# Task to complete
Using the listing below, please print exactly the lines from the one with "Haricots lingot*, sauce*" through the one with "remains exiled. |". Leave out every picture.

# Input
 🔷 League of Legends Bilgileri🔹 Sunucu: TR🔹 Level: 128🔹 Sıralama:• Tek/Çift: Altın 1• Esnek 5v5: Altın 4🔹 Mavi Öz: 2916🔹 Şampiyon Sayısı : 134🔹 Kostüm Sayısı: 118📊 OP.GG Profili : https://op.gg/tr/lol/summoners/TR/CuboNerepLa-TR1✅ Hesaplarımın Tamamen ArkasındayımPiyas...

...

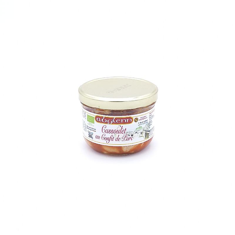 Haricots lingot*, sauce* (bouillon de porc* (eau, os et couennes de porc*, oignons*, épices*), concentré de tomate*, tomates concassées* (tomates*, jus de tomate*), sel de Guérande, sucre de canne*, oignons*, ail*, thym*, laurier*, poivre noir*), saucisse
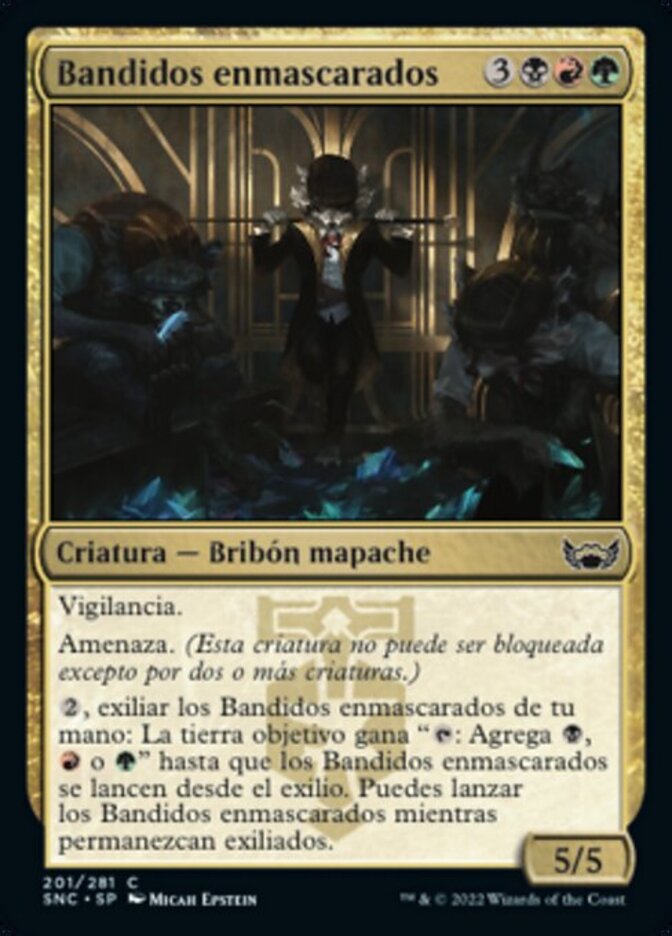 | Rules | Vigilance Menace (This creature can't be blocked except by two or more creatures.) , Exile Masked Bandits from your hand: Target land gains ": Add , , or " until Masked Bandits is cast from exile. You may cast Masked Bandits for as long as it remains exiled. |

# Expected answer
 Haricots lingot*, sauce* (bouillon de porc* (eau, os et couennes de porc*, oignons*, épices*), concentré de tomate*, tomates concassées* (tomates*, jus de tomate*), sel de Guérande, sucre de canne*, oignons*, ail*, thym*, laurier*, poivre noir*), saucisse
 | Rules | Vigilance Menace (This creature can't be blocked except by two or more creatures.) , Exile Masked Bandits from your hand: Target land gains ": Add , , or " until Masked Bandits is cast from exile. You may cast Masked Bandits for as long as it remains exiled. |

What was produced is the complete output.